───── Given information ─────

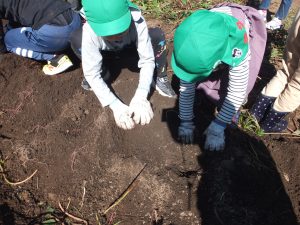 緑組のみんなもバスに乗って、熊本市ふれあい農園(御幸笛田)の畑にお芋ほりに行きました。
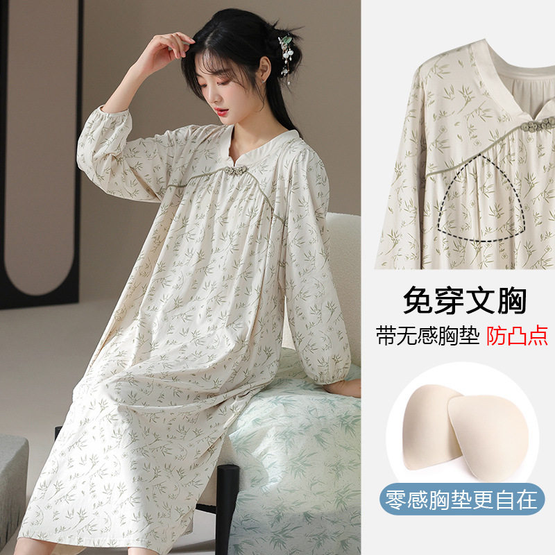 轩靓【带胸垫】2026新款睡裙女春秋纯棉长袖睡衣大码超长裙家居服
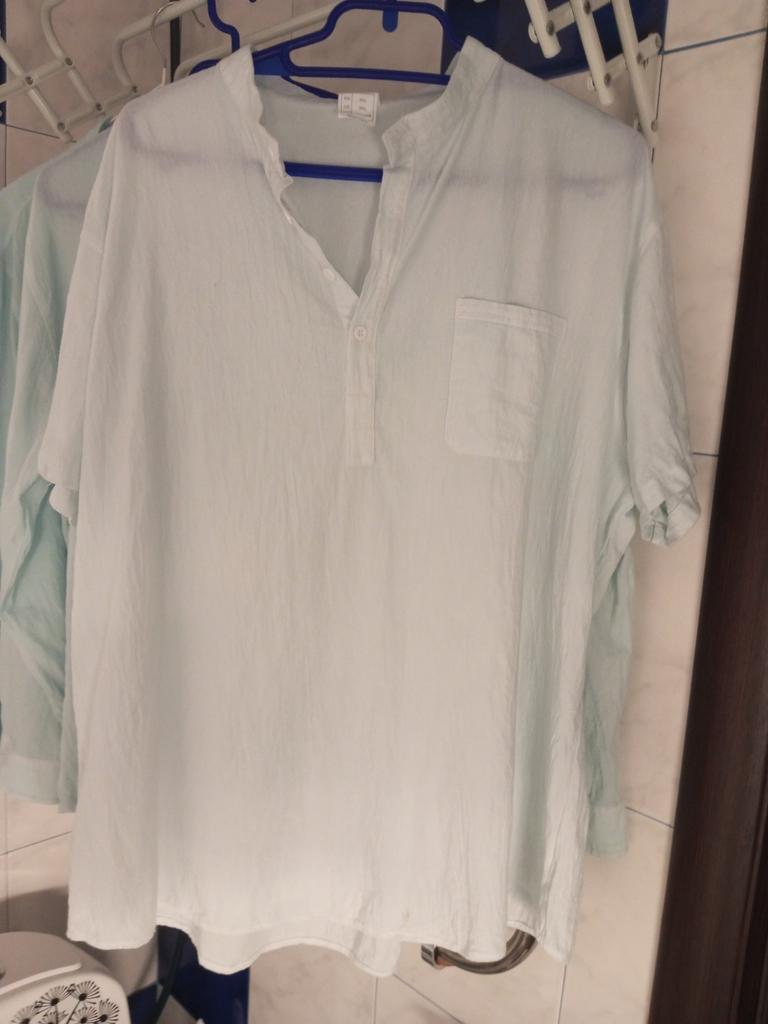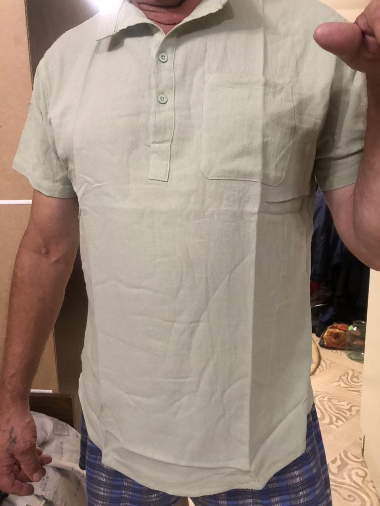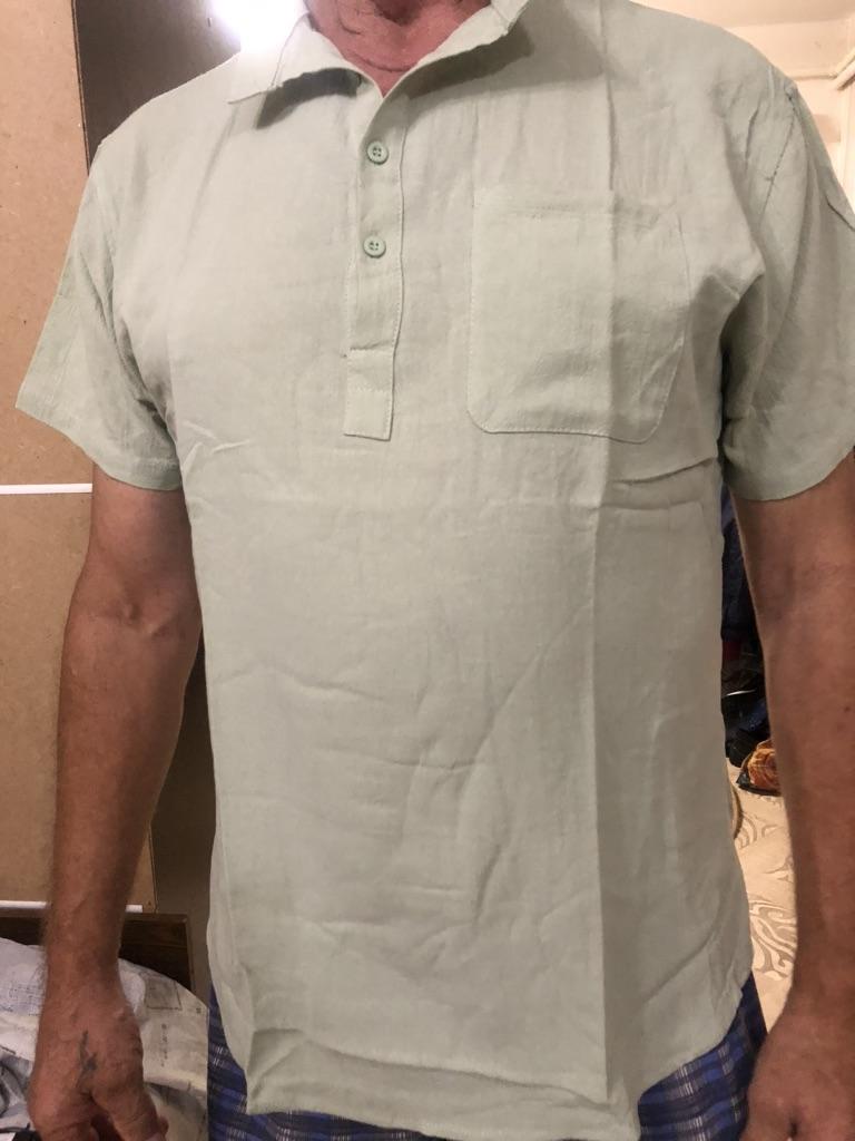 Sehr schönes Hemd. Material ähnelt Leinen. Sieht toll aus. Mintfarben.

─────

| What is needed |
With the pictures set aside, return each line of the listing exactly as given.

| Exercise answer |
 緑組のみんなもバスに乗って、熊本市ふれあい農園(御幸笛田)の畑にお芋ほりに行きました。
 轩靓【带胸垫】2026新款睡裙女春秋纯棉长袖睡衣大码超长裙家居服
 Sehr schönes Hemd. Material ähnelt Leinen. Sieht toll aus. Mintfarben.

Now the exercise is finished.